Data to examine:
________

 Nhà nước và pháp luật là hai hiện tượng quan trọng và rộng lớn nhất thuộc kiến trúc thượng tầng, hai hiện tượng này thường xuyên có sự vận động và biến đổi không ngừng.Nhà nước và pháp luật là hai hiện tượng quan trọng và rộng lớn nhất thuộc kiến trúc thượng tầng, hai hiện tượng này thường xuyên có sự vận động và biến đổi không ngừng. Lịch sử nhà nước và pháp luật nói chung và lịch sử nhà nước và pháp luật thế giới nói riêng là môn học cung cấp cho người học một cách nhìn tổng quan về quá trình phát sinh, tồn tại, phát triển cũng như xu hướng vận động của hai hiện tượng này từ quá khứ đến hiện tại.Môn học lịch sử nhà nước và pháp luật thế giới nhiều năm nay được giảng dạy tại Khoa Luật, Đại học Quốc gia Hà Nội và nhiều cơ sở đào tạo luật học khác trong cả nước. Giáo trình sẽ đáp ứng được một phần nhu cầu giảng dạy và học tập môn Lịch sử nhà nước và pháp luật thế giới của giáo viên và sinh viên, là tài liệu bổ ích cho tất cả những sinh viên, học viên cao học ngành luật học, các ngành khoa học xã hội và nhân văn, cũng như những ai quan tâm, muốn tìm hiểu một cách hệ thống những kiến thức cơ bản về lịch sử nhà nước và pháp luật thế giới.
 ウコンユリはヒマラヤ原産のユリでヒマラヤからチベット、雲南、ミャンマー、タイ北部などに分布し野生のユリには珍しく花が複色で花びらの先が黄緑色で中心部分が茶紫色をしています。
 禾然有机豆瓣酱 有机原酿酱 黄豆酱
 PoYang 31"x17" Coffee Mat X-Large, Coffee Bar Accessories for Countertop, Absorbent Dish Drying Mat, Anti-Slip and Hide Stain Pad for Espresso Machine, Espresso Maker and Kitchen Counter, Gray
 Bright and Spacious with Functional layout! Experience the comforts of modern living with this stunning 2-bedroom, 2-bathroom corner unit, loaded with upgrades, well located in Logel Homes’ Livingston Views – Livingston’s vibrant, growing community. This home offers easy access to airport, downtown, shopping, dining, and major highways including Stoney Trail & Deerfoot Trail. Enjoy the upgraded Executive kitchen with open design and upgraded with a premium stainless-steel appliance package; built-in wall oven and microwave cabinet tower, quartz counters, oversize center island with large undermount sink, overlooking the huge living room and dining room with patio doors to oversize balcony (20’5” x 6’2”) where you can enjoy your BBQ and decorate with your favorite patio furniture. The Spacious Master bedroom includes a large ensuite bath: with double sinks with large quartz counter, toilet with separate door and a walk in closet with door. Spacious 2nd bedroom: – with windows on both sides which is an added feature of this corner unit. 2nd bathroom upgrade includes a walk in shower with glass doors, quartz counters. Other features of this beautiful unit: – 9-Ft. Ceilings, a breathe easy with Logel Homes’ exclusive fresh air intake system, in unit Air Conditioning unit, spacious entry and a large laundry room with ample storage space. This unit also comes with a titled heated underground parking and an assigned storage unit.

________

Exercise directions: When you reach the end of the listing, print it again in full, exactly as given.

Output of the task:
 Nhà nước và pháp luật là hai hiện tượng quan trọng và rộng lớn nhất thuộc kiến trúc thượng tầng, hai hiện tượng này thường xuyên có sự vận động và biến đổi không ngừng.Nhà nước và pháp luật là hai hiện tượng quan trọng và rộng lớn nhất thuộc kiến trúc thượng tầng, hai hiện tượng này thường xuyên có sự vận động và biến đổi không ngừng. Lịch sử nhà nước và pháp luật nói chung và lịch sử nhà nước và pháp luật thế giới nói riêng là môn học cung cấp cho người học một cách nhìn tổng quan về quá trình phát sinh, tồn tại, phát triển cũng như xu hướng vận động của hai hiện tượng này từ quá khứ đến hiện tại.Môn học lịch sử nhà nước và pháp luật thế giới nhiều năm nay được giảng dạy tại Khoa Luật, Đại học Quốc gia Hà Nội và nhiều cơ sở đào tạo luật học khác trong cả nước. Giáo trình sẽ đáp ứng được một phần nhu cầu giảng dạy và học tập môn Lịch sử nhà nước và pháp luật thế giới của giáo viên và sinh viên, là tài liệu bổ ích cho tất cả những sinh viên, học viên cao học ngành luật học, các ngành khoa học xã hội và nhân văn, cũng như những ai quan tâm, muốn tìm hiểu một cách hệ thống những kiến thức cơ bản về lịch sử nhà nước và pháp luật thế giới.
 ウコンユリはヒマラヤ原産のユリでヒマラヤからチベット、雲南、ミャンマー、タイ北部などに分布し野生のユリには珍しく花が複色で花びらの先が黄緑色で中心部分が茶紫色をしています。
 禾然有机豆瓣酱 有机原酿酱 黄豆酱
 PoYang 31"x17" Coffee Mat X-Large, Coffee Bar Accessories for Countertop, Absorbent Dish Drying Mat, Anti-Slip and Hide Stain Pad for Espresso Machine, Espresso Maker and Kitchen Counter, Gray
 Bright and Spacious with Functional layout! Experience the comforts of modern living with this stunning 2-bedroom, 2-bathroom corner unit, loaded with upgrades, well located in Logel Homes’ Livingston Views – Livingston’s vibrant, growing community. This home offers easy access to airport, downtown, shopping, dining, and major highways including Stoney Trail & Deerfoot Trail. Enjoy the upgraded Executive kitchen with open design and upgraded with a premium stainless-steel appliance package; built-in wall oven and microwave cabinet tower, quartz counters, oversize center island with large undermount sink, overlooking the huge living room and dining room with patio doors to oversize balcony (20’5” x 6’2”) where you can enjoy your BBQ and decorate with your favorite patio furniture. The Spacious Master bedroom includes a large ensuite bath: with double sinks with large quartz counter, toilet with separate door and a walk in closet with door. Spacious 2nd bedroom: – with windows on both sides which is an added feature of this corner unit. 2nd bathroom upgrade includes a walk in shower with glass doors, quartz counters. Other features of this beautiful unit: – 9-Ft. Ceilings, a breathe easy with Logel Homes’ exclusive fresh air intake system, in unit Air Conditioning unit, spacious entry and a large laundry room with ample storage space. This unit also comes with a titled heated underground parking and an assigned storage unit.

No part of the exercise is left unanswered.